Subjects will be randomized into a sham auricular acupuncture group, or a treatment
acupuncture group. All subjects who meet the inclusion criteria will be treated with the
Selective serotonin reuptake inhibitor (SSRI) Lexapro 10 mg daily which will be increased to
20 mg daily at week 2. Some subjects will be treated twice weekly during their follow-up
visits with sham auricular acupuncture, some subjects will be treated with micro-currents of
electricity in the auricular acupuncture group. The duration of the trial will be 6 weeks.

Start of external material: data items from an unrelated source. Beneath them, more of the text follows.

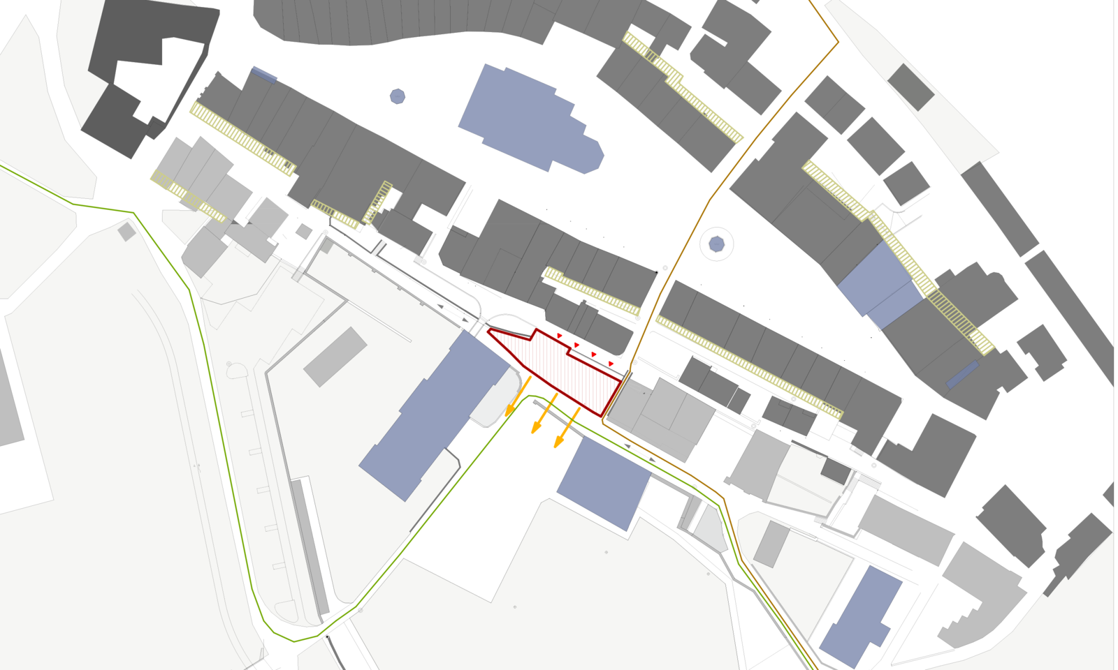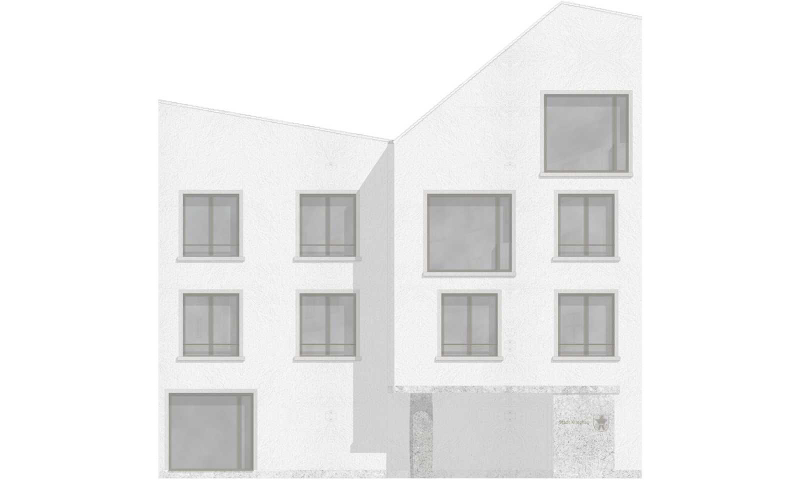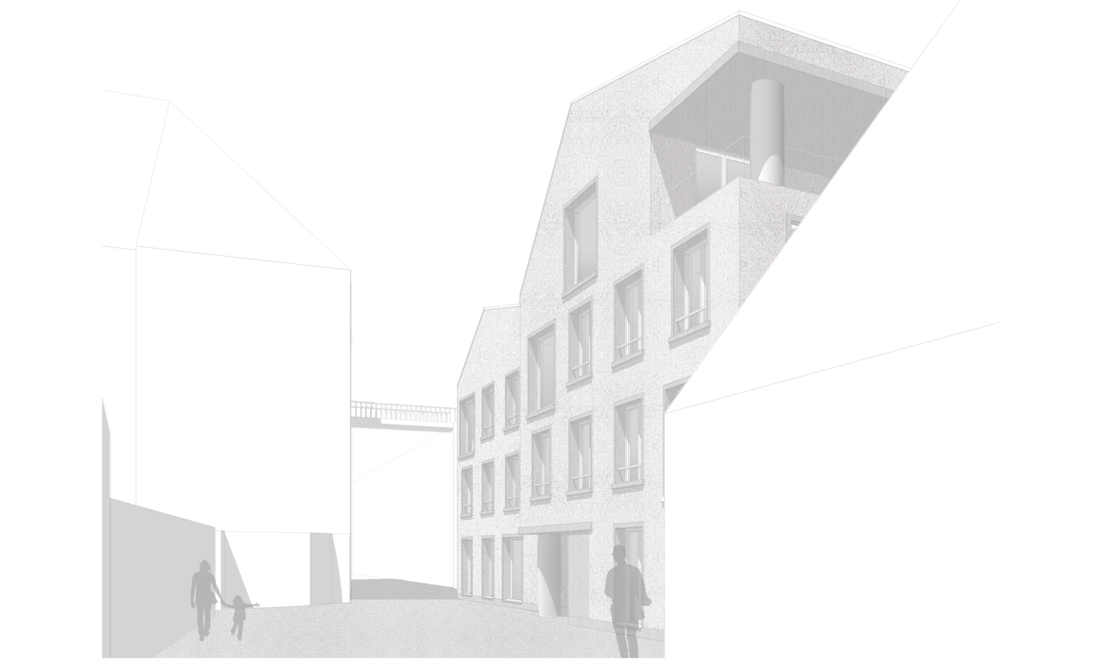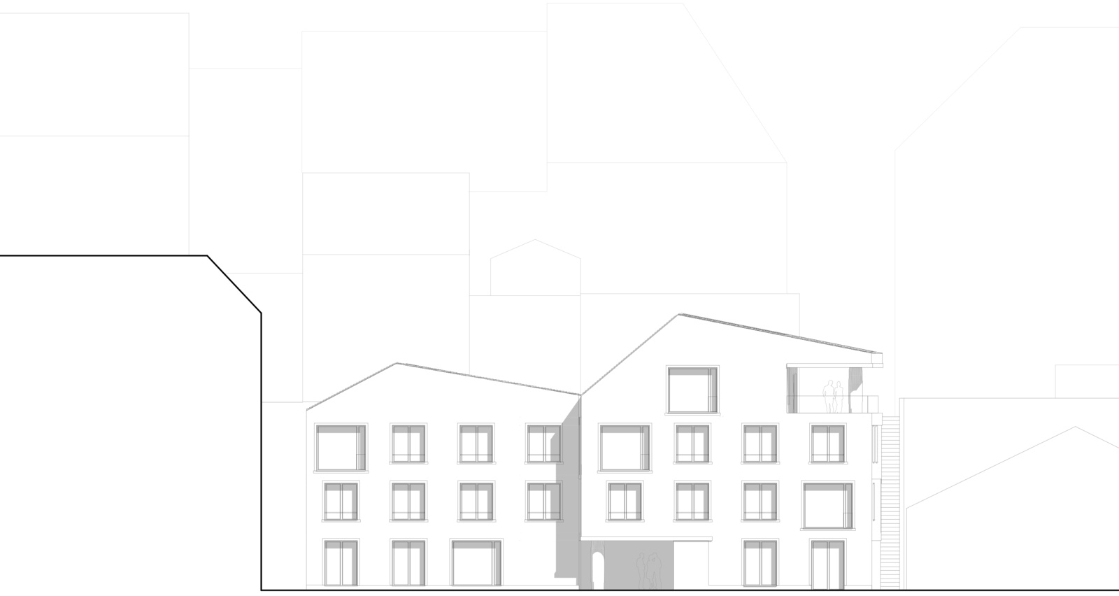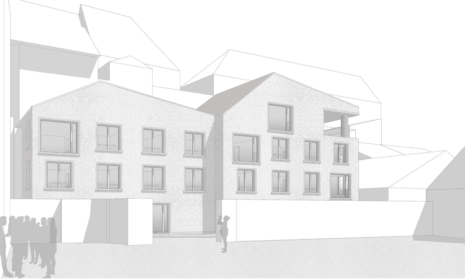 Die «zwei neuen Häuser» sind «ein Haus». Die vorgeschlagene Setzung nimmt Bezug auf die ursprüngliche Bebauung. Die längsrechteckige Proportion des Grundstückes unterstützt eine Lösung mit zwei Giebeln. Zum einen entstehen so attraktive, traufständige Gebäude zur Unterstadtgasse und zum anderen bleiben aber First und Traufe in einem verträglichen Mass bezüglich Altstadt und Propstei. In Grundriss und Höhe gegliedert verschmelzen die beiden Volumina aber letztlich zu einem Gebäude. Das optimiert die Nutzungsmöglichkeiten und die Erschliessung, nicht zuletzt ist es auch Merkmal einer Bebauung aus einem Guss und in einer Etappe. Das zweiteilige Schrägdach bindet sich «niedrig» in die Silhouette entlang der Stadtmauer ein. Der östliche Ausschnitt markiert den Zugang zum Gebäude und dient als Aussichtsterrasse.
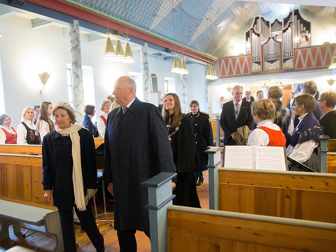 I Kjøllefjord kirke ble Kong Harald og Dronning Sonja møtt av korsang ved inngangen og de fikk også lytte til en liten orgelkonsert inne i kirken.
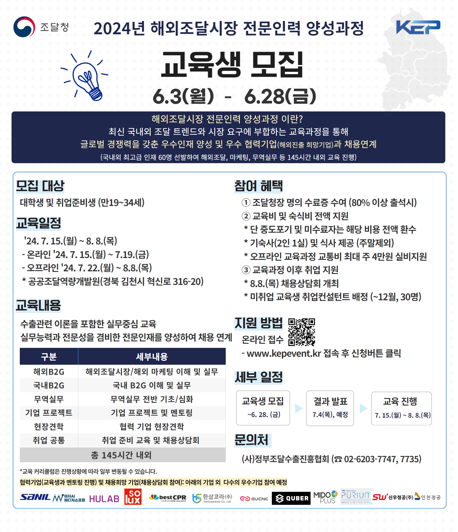 | 제목 | [조달청]'2024년 해외조달시장 전문인력 양성과정' 교육생 모집 | ||||
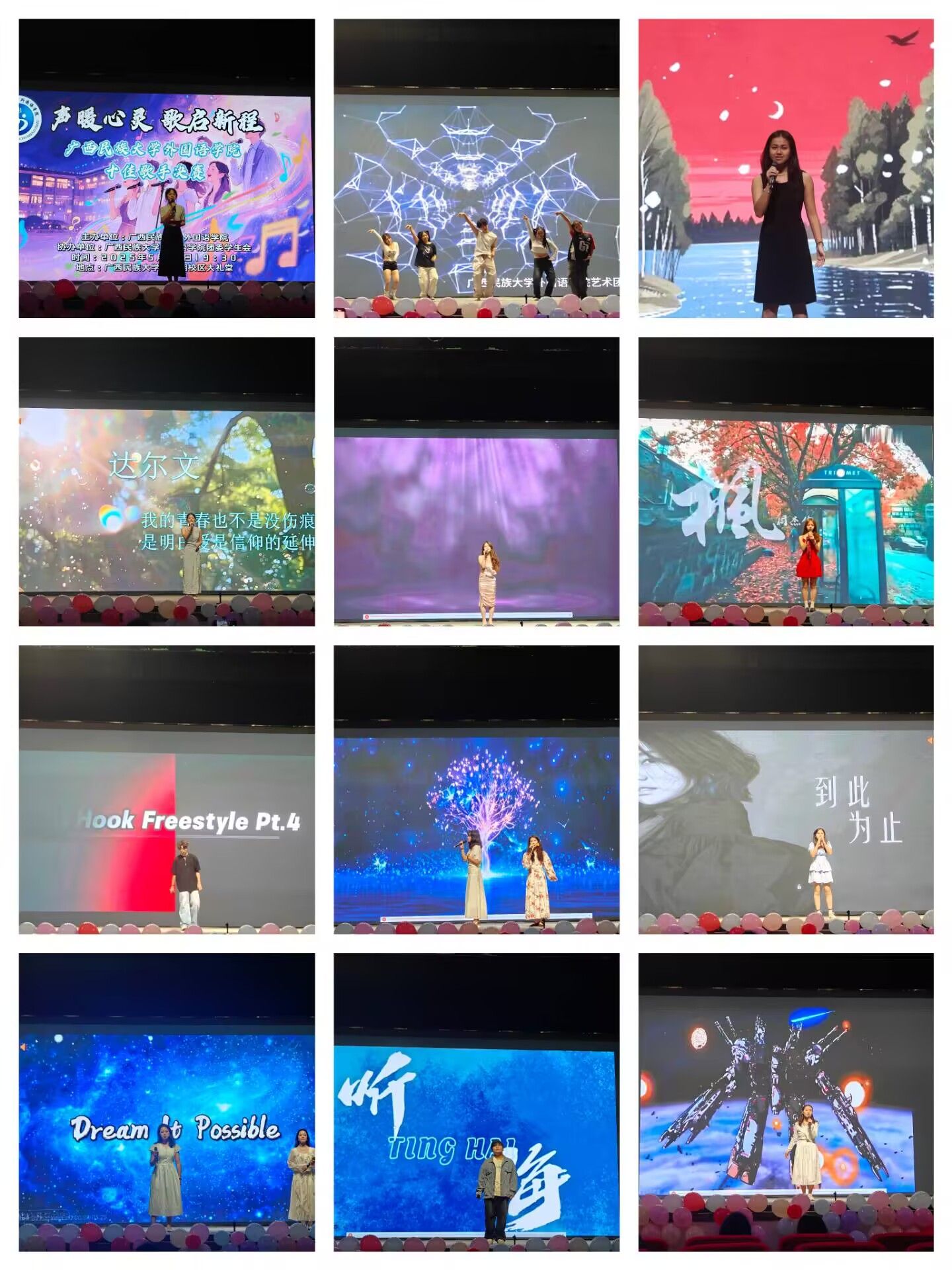 音符跳动,唱响青春旋律。开场,艺术团的同学们用一段热舞点燃了现场气氛。随后,选手们依次登场。他们带来的歌曲风格多样,不仅有悠扬婉转的中文民谣、韵律十足的中文说唱,还有激情澎湃的外文劲曲,每一首歌曲的演绎都十分动人心弦。各位选手们用歌声传递情感,展现青春风采。
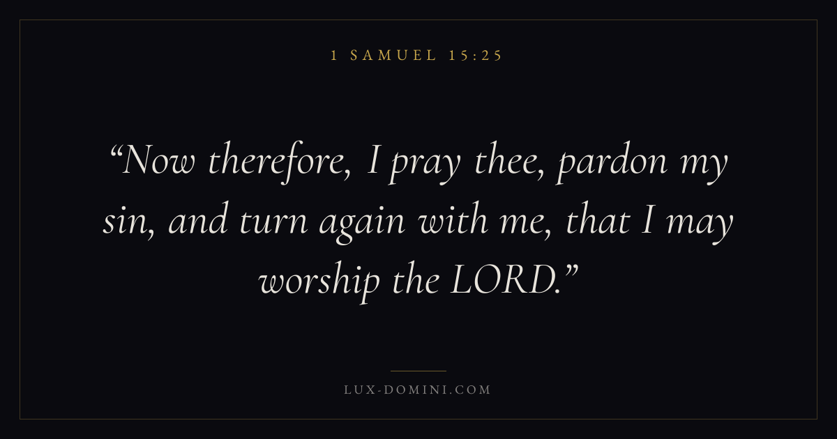 Now therefore, I pray thee, pardon my sin, and turn again with me, that I may worship the LORD.
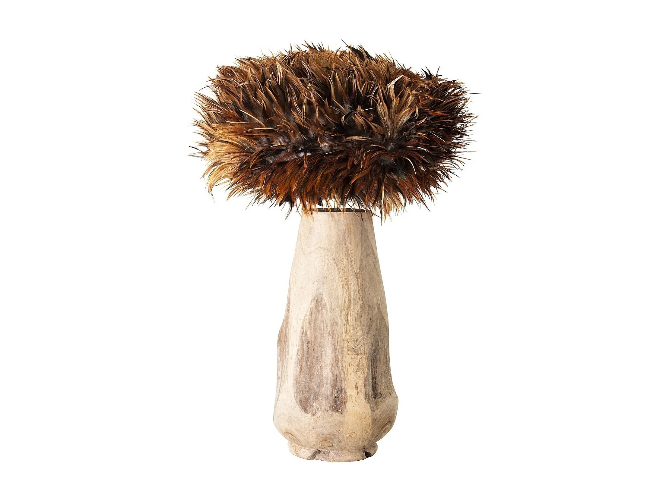 Lampe à poser plumes et teck massif clair vieilli Zoey
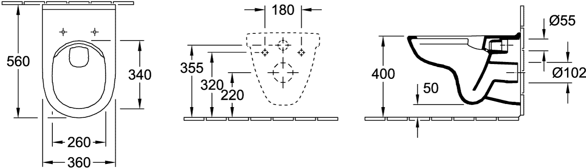 - Hartmaat bevestiging wandcloset: 180 mm
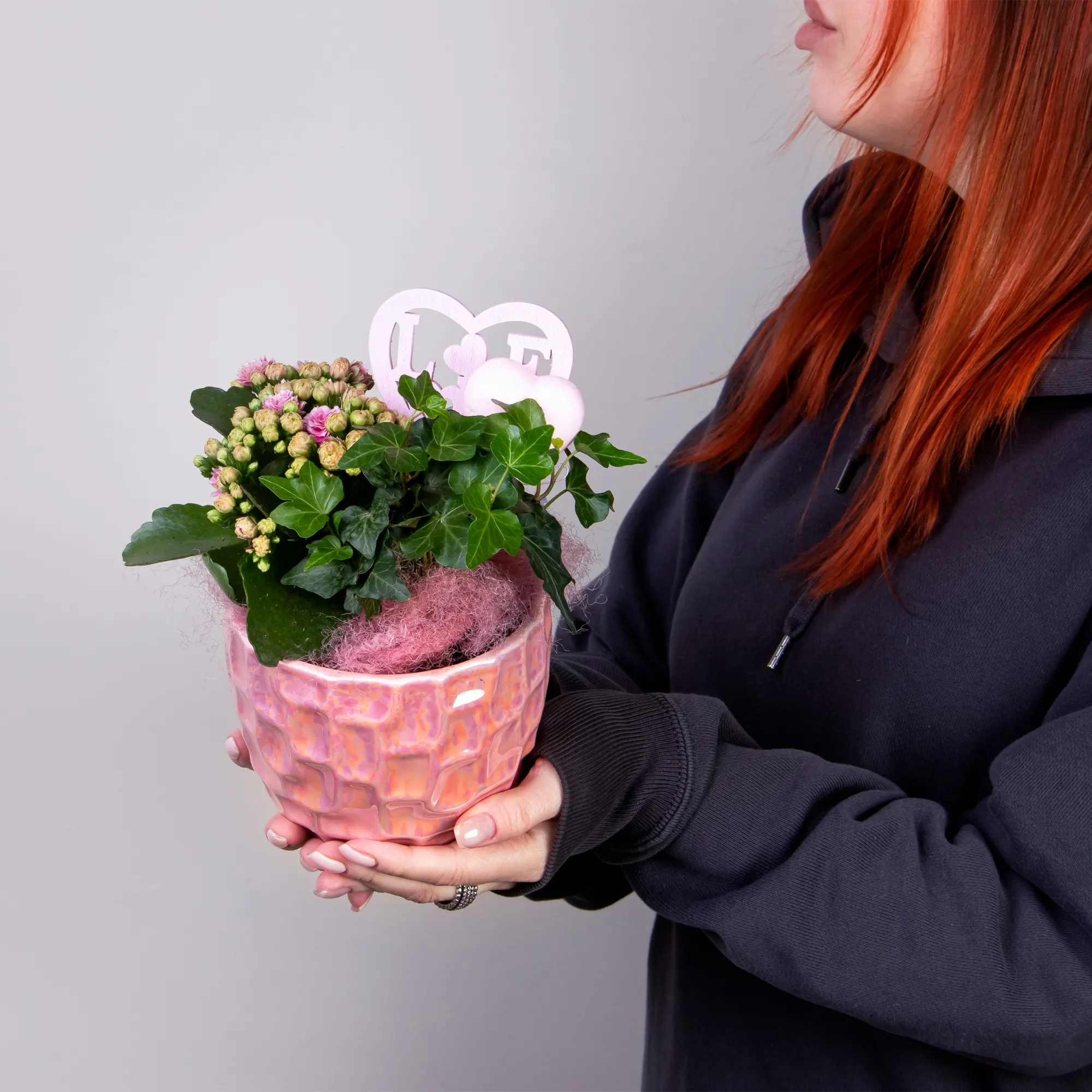Как правило, растения доставляются в техническом пластиковом горшке от поставщика. Если в наименовании указано «в керамике/цинке», то в эту стоимость входит декоративное кашпо.
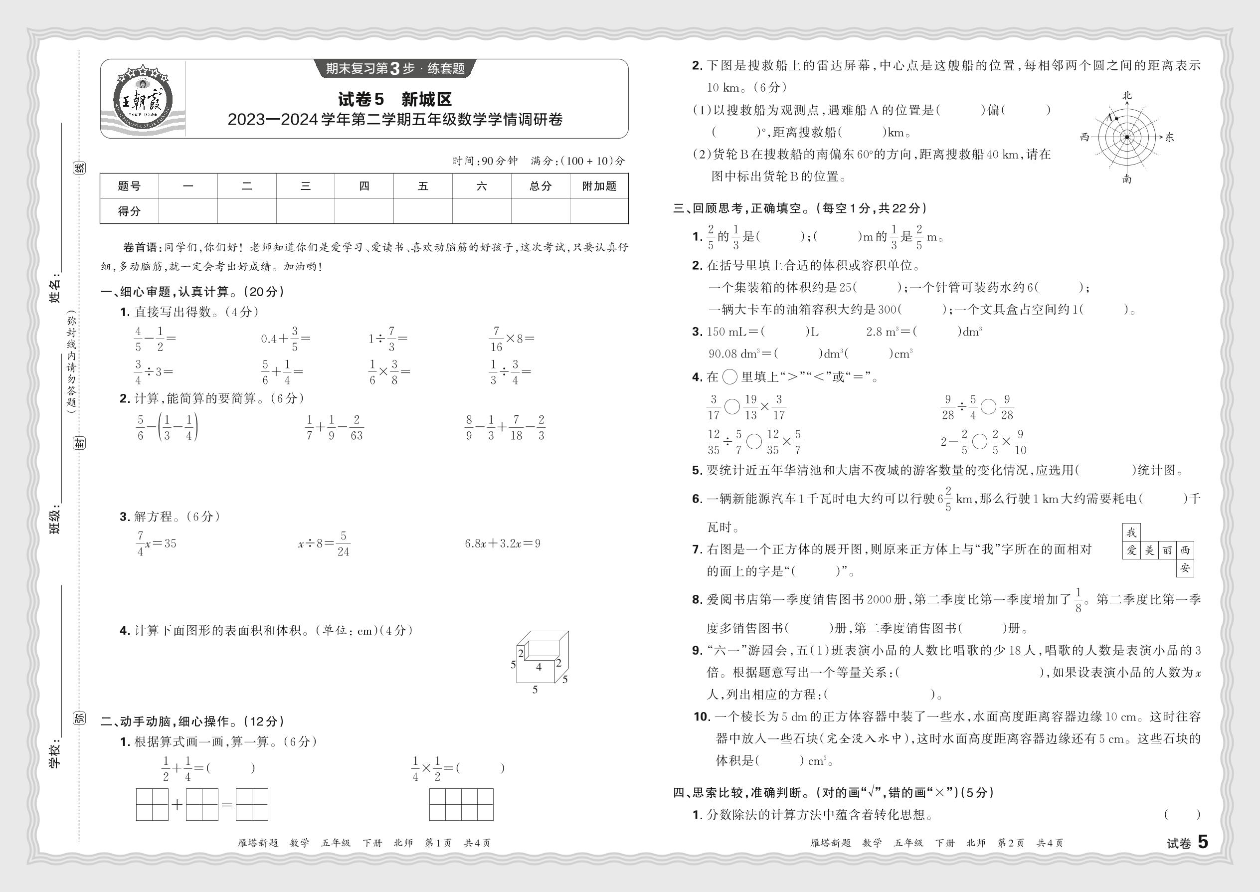 陕西省西安市新城区2023—2024学年第二学期五年级数学学情调研卷(北师版)【5】
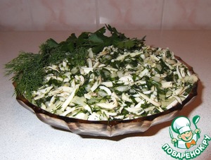 Покываем нашей начинкой, то есть кальмарами с зеленью и чесноком. Сверху ложим веточку укропа и петрушки
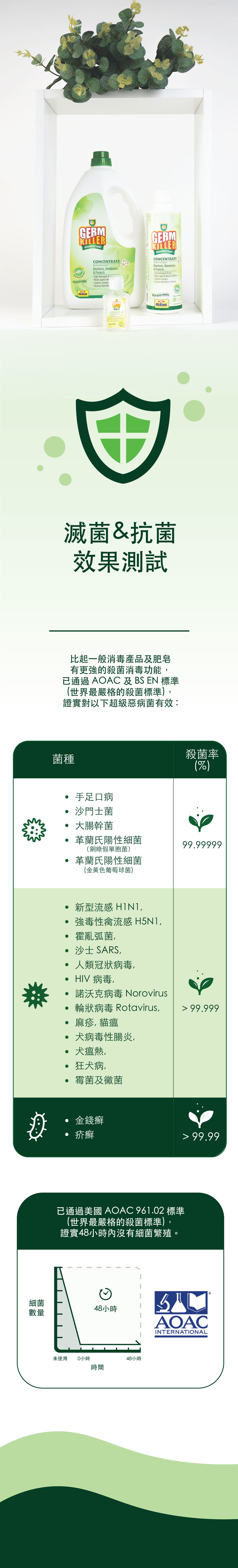 適用於拖地、洗衣、浸玩具的 GK淨可立 殺菌濃縮液是一種用途廣泛的優質水溶性消毒藥水,有效殺死99.9999%的細菌和病毒。使用時並會散發著清新茉莉花香,不用過水,抗菌長達24小時,無需每2小時消毒一次,無殘留,不傷皮膚,可應用於織物上(絕不損衣物纖維)。所有成分可自然分解,安全無毒,適合家裡有嬰兒、孕婦、寵物每天使用,十多年來深受歐美各個家庭信賴和愛戴。
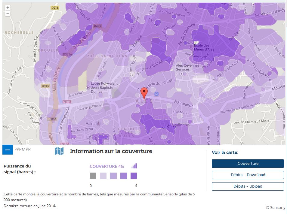 Avec les données de notre partenaire Sensorly Univers Freebox vous propose un focus sur Alès 172ème ville de France par sa population et vous fait découvrir la carte de la couverture du réseau 4G et des débits.
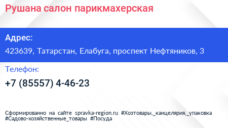 Рушана, салон-парикмахерская по адресу 423639, Татарстан, Елабуга, проспект Нефтяников, 3 в дальнейшем Организация, размещена в следующих категориях:
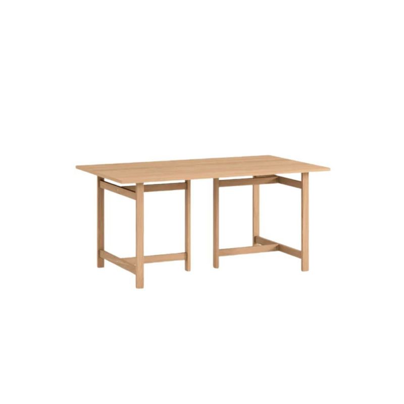 MOEBE Rectangular Dining Table er et enkelt og elegant spisebord med en solid T-rammekonstruksjon og fine messingdetaljer. Bordet er FSC-sertifisert, produsert i Europa og leveres flatpack for enkel montering. Fås med linoleumsoverflate i rød, grønn eller mushroom samt i klassisk eik. Kjøp opptil to forlengelser - én i hver ende - for å utvide bordet med 20 eller 40 cm.
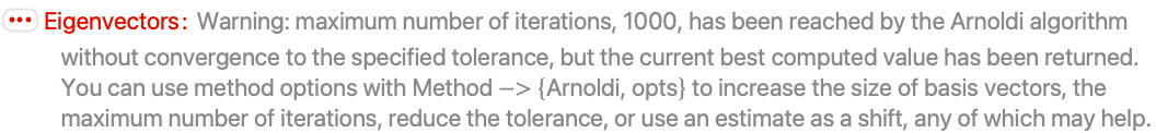 - The "Arnoldi" and "FEAST" methods take suboptions Method ->{"name",opt1->val1,…}, which can be found in the Method subsection.

Auricular acupuncture is a form of acupuncture which utilizes the surface of the external
ear to identify points of inflammation in the body. It does this, in this case, by utilizing
the Pointer Excel II probe which can pick up a change in electrical conductivity on the
surface of the ear, which reflects an internal point of inflammation or stress. Once the
point of inflammation is identified, the Pointer Excel II is equipped with a sensor that it
will not only illuminate by way of a small light on the front of the probe will also
identify the point of inflammation by way of an auditory signal. Once the point of
inflammation is identified auricular acupuncture will treat that point with a micro-current
of electricity for several seconds. In the case of treatment, there will be an auditory
alarm followed by a micro -current dose of electricity. Sham acupuncture will be
characterized by the auditory alarm, but no current will be applied to the participants ear.

Inclusion Criteria:

- Meets DSM-V criteria for major depression single episode or recurrent as a primary
diagnosis. Participants must have been symptomatic with depression for 2 months or
more and less than 18 months.

Exclusion Criteria:

- a current diagnosis or history of alcohol or substance abuse or dependence that has
not been in full and sustained remission for 3 months

- any current psychiatric diagnosis which is the primary focus of treatment other than
major depression

- current history of mania or hypomania, schizophrenia, or any psychotic disorder,
obsessive-compulsive disorder, autism spectrum conditions, organic mental disorders
or mental disorders due to a physical condition

- the participant has a history of lack of response to a previous adequate treatment
with 2 antidepressants for major depression at a standard dose for at least a
six-week period of time

- any axis II disorder

- if the participant is female the participant agrees to use adequate contraception
from the signing of the informed consent and throughout the study and for 30 days
afterwards. pregnant or lactating females or those intending to become pregnant
during the study are excluded

- if the participant is unlikely to comply with a clinical study protocol or is
unsuitable for the study as determined by the principal investigator

- if the participant has clinically significant unstable physical illness such as
neurologic disorders, diabetes, immunologic disorders, or any disturbance of a
metabolic nature which may compromise the study

- the participant has a risk of suicide according to the investigators clinical
judgment and according to the screening instruments used in the trial

- the subject has started receiving formal cognitive psychotherapy within 30 days from
screening or plans to initiate such therapy during the study.